Credit Agricole Said to Start $7.5 Billion Italy Loan SaleBy , , and
Bank is selling NPLs bought from other institutions years ago
Non-binding offers are due by end of March, closing by June
Credit Agricole SA is seeking to sell about 6 billion euros ($7.5 billion) of Italian non-performing loans bought from other institutions a decade or more ago, according to people with knowledge of the matter.
The French bank is trying to offload its holdings in four different bad-loan securitizations, along with the Luxembourg-based entity that issued them, said the people, who asked not be identified because the matter is private. The vehicles were created between 2006 and 2008 when Credit Agricole’s investment-banking unit purchased and securitized the loans, they said.
A Credit Agricole spokesman declined to comment.
Credit Agricole has extensive business in Italy, including corporate and investment banking. Last year, the French lender had more than half a billion euros of profit from the country, its second-biggest market. The bank expanded in Italy last year with acquisitions in asset management and retail banking, while its provisions for bad loans in the country fell 22 percent.

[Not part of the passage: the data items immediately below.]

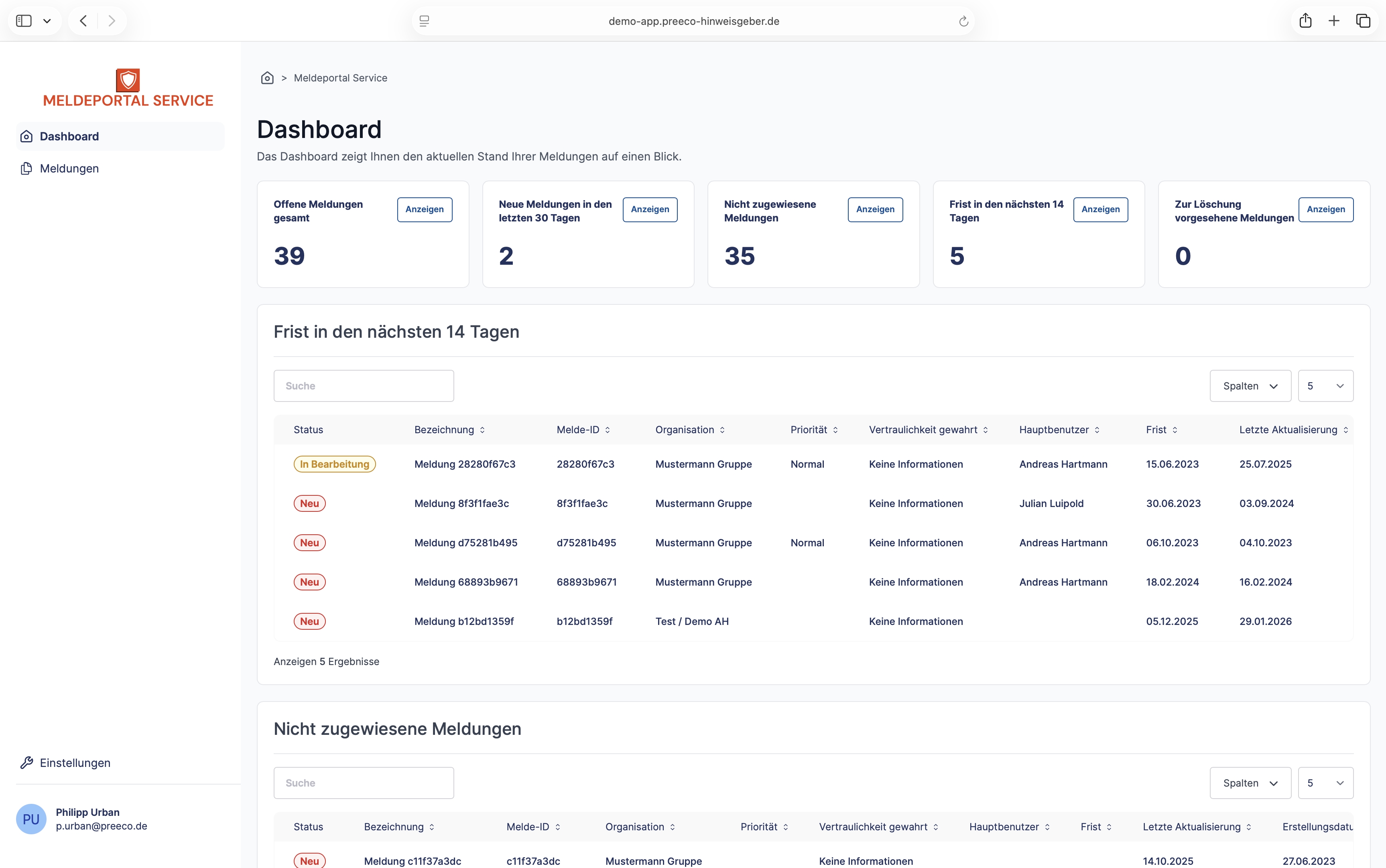 - Überblick über den aktuellen Stand aller Meldungen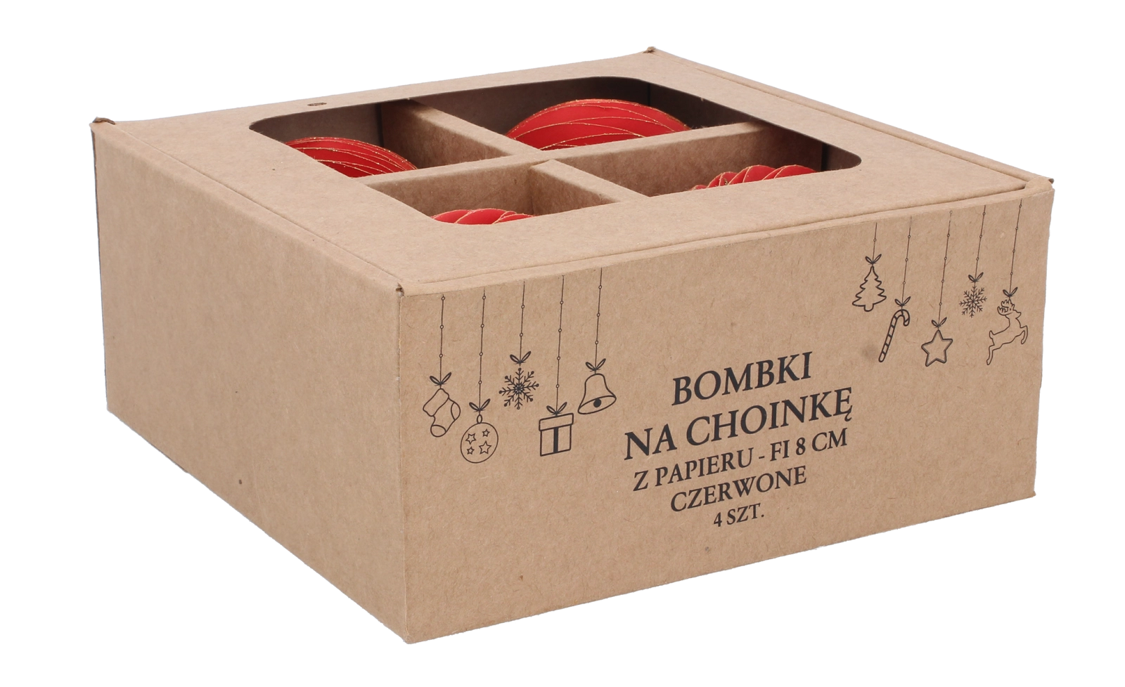 Tato sada čtyř červených ozdob dodá vašemu domovu tradiční a elegantní vánoční atmosféru. Díky pečlivě zvolenému papírovému materiálu jsou ozdoby lehké, bezpečné a netříštivé, takže se skvěle hodí do rodinných interiérů. Univerzální průměr 8 cm a sytá barva se snadno kombinuje s dalšími dekoracemi.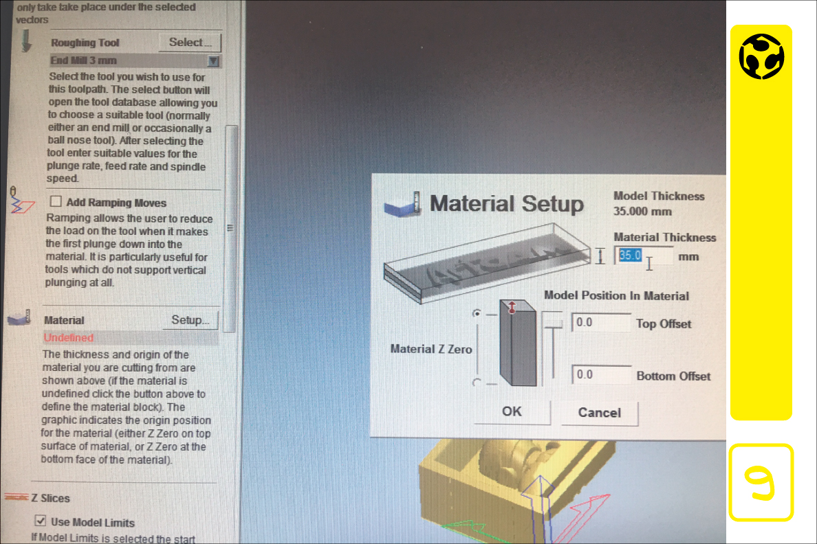 9. Set the parameters of the material, the thickness: 35.0mm, position on top.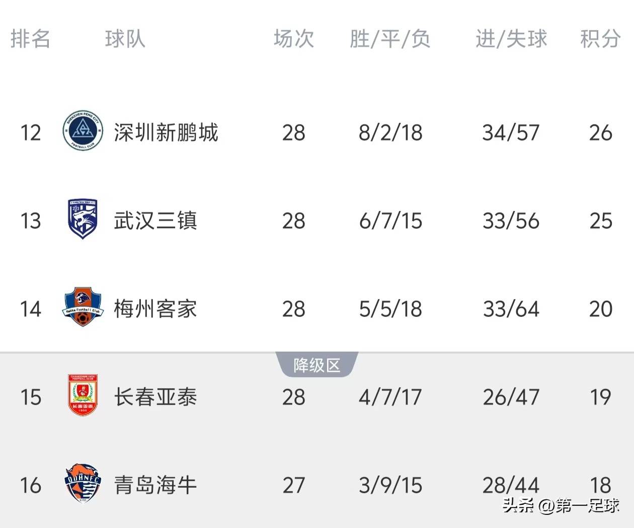 根据最新的积分榜,深圳新鹏城积26分,排名第12,武汉三镇积25分,排名第13,梅州客家积20分,排名第14,长春亚泰积19分,排名第15,青岛海牛则以18分垫底。中超将降级两队,目前来看,这六支球队都有降级的可能。尤其是青岛海牛,他们明晚将客场挑战北京国安,鉴于国安的现状,青岛海牛仍有希望创造奇迹。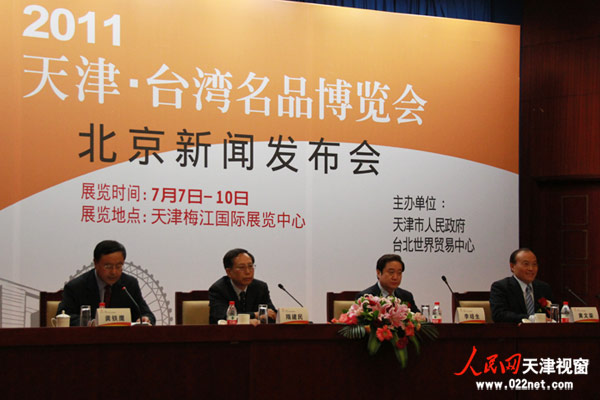 人民網(wǎng)·天津視窗6月14日電:6月13日下午,“2011天津-臺灣名品博覽會”在中國貿(mào)促總會大禮堂召開首次新聞發(fā)布會。從發(fā)布會上獲悉,7月7日至10日“2011天津-臺灣名品博覽會”將在天津梅江會展中心舉行。會上,天津市人民政府副秘書長李培生臺北世界貿(mào)易中心副總經(jīng)理黃文榮分別代表主辦單位介紹展會特色及最新展覽訊息。此外,現(xiàn)場還提前展示了多項亮點產(chǎn)品。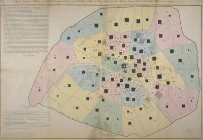 Throughout his later years, and especially after his retirement, Minard continued to study new topics and to invent new graphic forms. He was the first to use pie charts on a map, where he extended Playfair’s use of them (NOTE: more on Mr. Playfair in another blog) to show both the relative proportions (of meats sold in Paris: beef, veal, or mutton) by angular slices, and the total amount of meats by the area of each pie. In 1865, the city of Paris needed to build a new central post office. Minard’s solution was a map showing the population of each arrondisement by squares with area proportional to population, so that the ideal location was their visual and geometric center of gravity.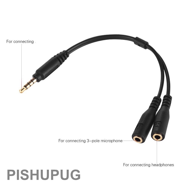 1pc Black 3.5mm Male TRRS to 2 Female TRS Audio Connector TRRS Y Splitter Cable Adapter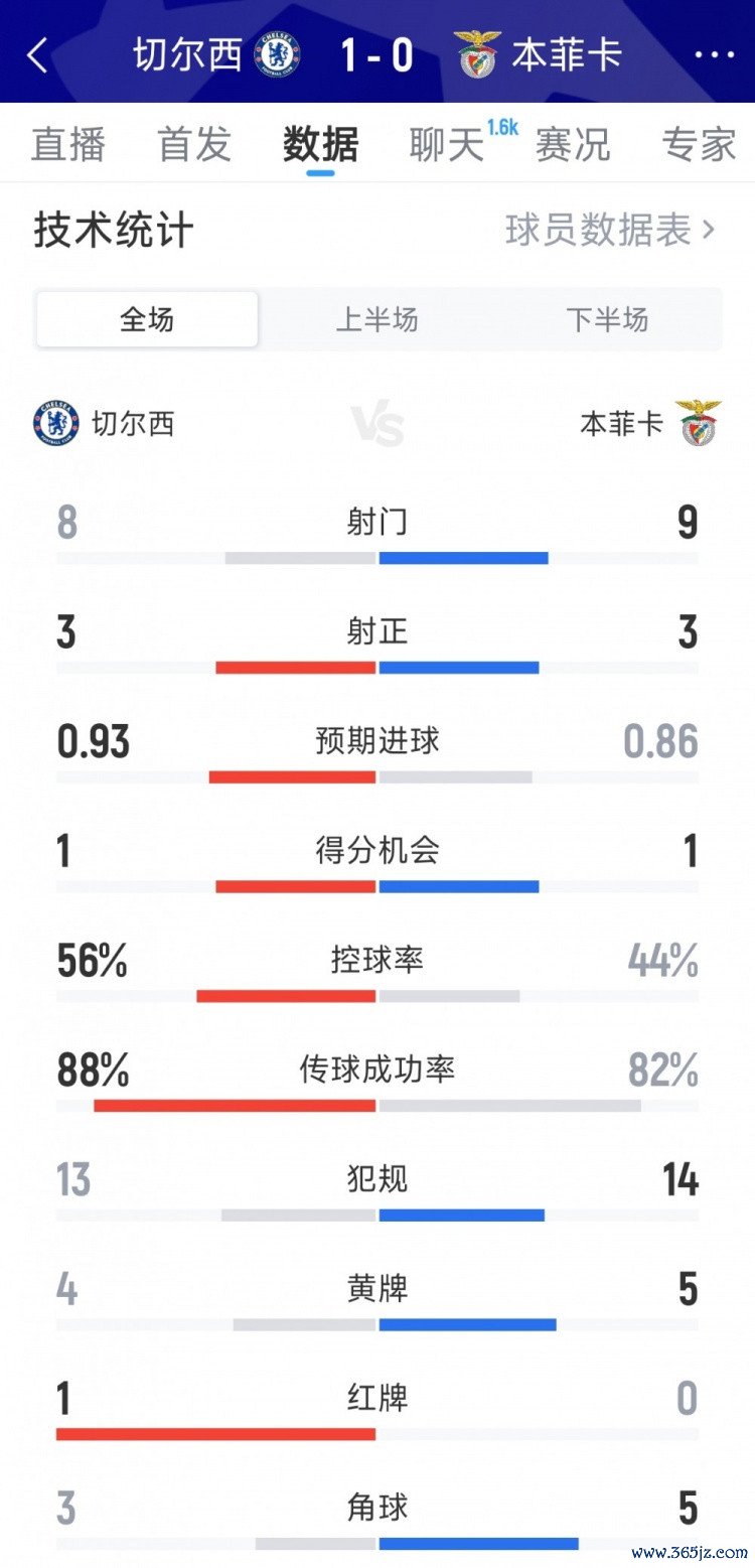 切尔西1-0本菲卡全场数据: 射正8-9, 射正3-3, 黄牌4-5, 红牌1-0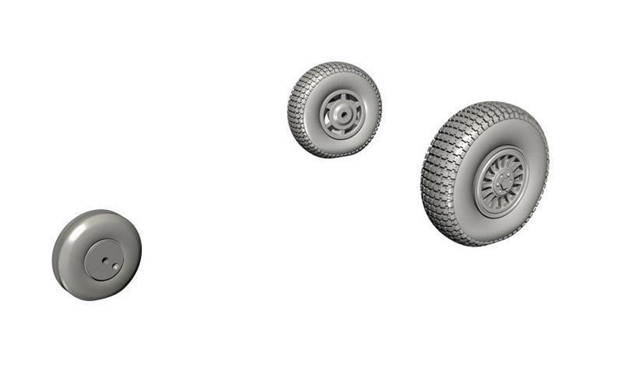 The set consits of a nose wheel and mainwheels with the later style hubs. These wheels are designed to fit single seat Vampire models from Special Hobby and Extratech or two-seater training Vampires from Aifix. The nosewheel comes as a one piece while the kit items have to be assembled from two parts. The mainwheel tyres feature nicely rendered and accurate tread pattern. The master parts were 3D created.

Appetite for troubled Italian debt is increasing as the country’s economic rebound raises expectations for better recovery rates. The European Central Bank is increasing pressure on Italy’s banks to clean up balance sheets that are weighed down by more than 270 billion euros of non-performing loans, more than twice the amount held by lenders in any other European Union country.
“This is very positive momentum for selling Italian bad loans, as the valuations are increasing thanks to a better economic outlook and measures to ease bankruptcy proceedings,” said Wolfram Mrowetz, chief executive officer of Italian broker Alisei SIM. “New players are entering in the market lured by the prospects of good returns from such investments.”
Credit Agricole, which hired KPMG to advise on the sale, is accepting offers for the whole amount or part of it, the people said. The portfolio, dubbed project Poppy, includes Italian secured, unsecured, consumer debt, and loans to small-and-medium enterprises, with a large exposure to southern and central regions, the people said. Non-binding offers are due by end of March, as the bank plans to close the sale by June, they said.